Segment Open
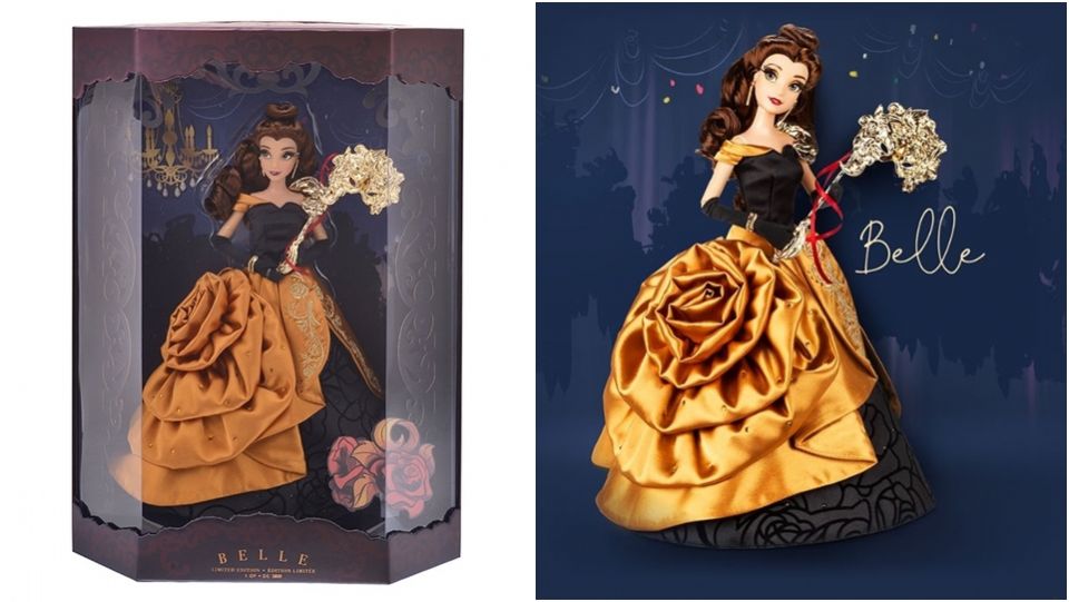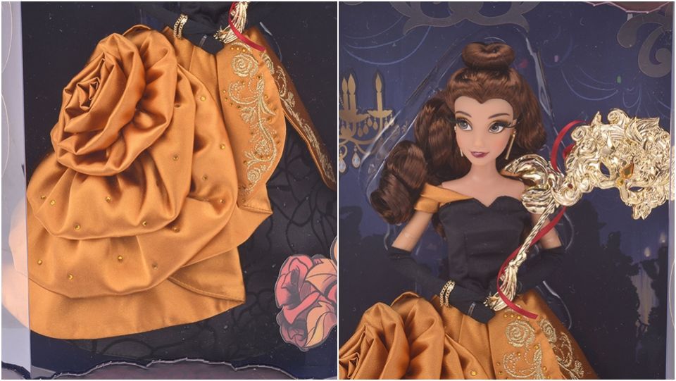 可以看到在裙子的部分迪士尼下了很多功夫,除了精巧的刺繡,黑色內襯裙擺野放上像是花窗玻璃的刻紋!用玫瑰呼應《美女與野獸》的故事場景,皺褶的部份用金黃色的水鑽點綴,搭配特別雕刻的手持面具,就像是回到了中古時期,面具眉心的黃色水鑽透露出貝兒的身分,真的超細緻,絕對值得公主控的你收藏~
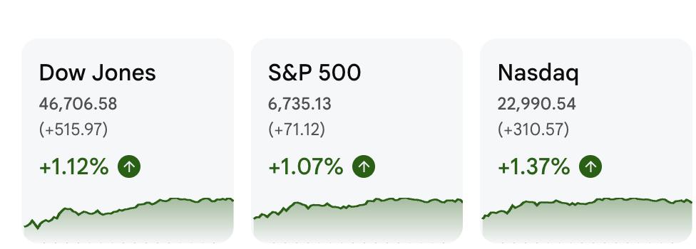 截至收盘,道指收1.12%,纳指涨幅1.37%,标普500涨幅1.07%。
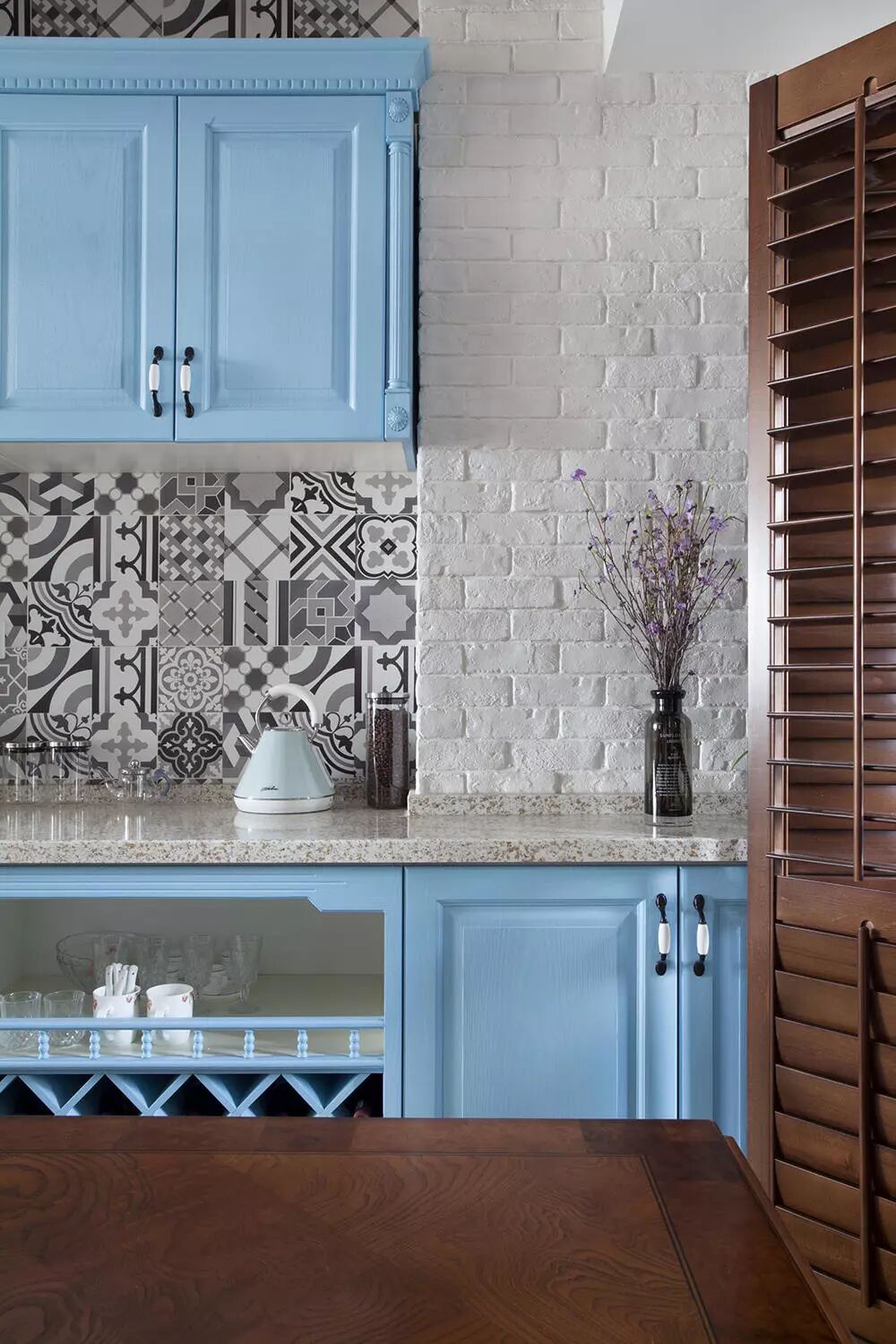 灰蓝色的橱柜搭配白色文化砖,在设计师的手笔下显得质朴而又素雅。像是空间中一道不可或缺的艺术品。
Segment Closed
Segment Open
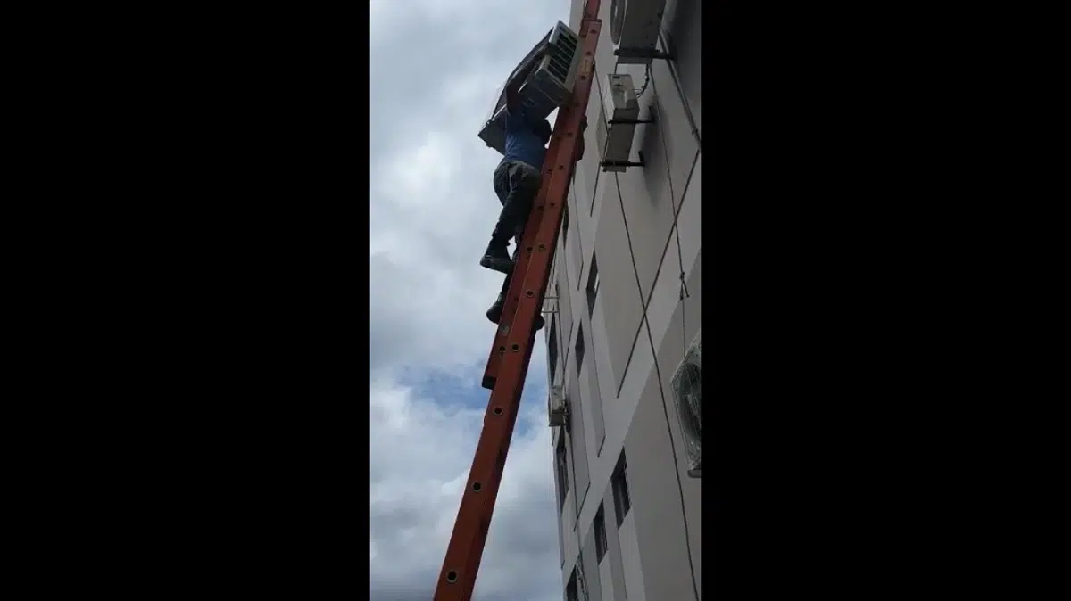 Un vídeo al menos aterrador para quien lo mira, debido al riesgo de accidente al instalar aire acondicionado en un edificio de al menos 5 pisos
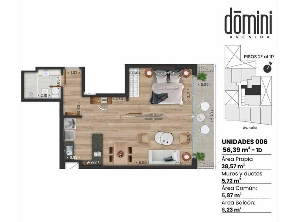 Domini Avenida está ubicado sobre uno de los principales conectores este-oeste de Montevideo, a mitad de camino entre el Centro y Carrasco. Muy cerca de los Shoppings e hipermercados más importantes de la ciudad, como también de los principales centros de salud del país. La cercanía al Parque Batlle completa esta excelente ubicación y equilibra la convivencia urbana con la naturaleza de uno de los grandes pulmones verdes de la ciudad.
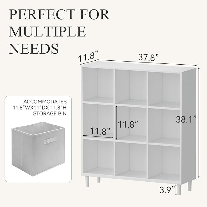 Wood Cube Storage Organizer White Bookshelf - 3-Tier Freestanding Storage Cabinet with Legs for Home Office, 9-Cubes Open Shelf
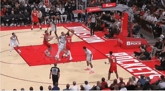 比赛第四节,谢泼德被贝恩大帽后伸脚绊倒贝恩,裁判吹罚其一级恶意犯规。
Segment Closed
* _ACTIVITY_
Look above for the line with "可以看到在裙子的部分迪士尼下" and the line with "灰蓝色的橱柜搭配白色文化砖,在设计师的手", then copy exactly the lines from the first through the second, both kept, with no pictures.

* _PROBLEM SOLUTION_
 可以看到在裙子的部分迪士尼下了很多功夫,除了精巧的刺繡,黑色內襯裙擺野放上像是花窗玻璃的刻紋!用玫瑰呼應《美女與野獸》的故事場景,皺褶的部份用金黃色的水鑽點綴,搭配特別雕刻的手持面具,就像是回到了中古時期,面具眉心的黃色水鑽透露出貝兒的身分,真的超細緻,絕對值得公主控的你收藏~
 截至收盘,道指收1.12%,纳指涨幅1.37%,标普500涨幅1.07%。
 灰蓝色的橱柜搭配白色文化砖,在设计师的手笔下显得质朴而又素雅。像是空间中一道不可或缺的艺术品。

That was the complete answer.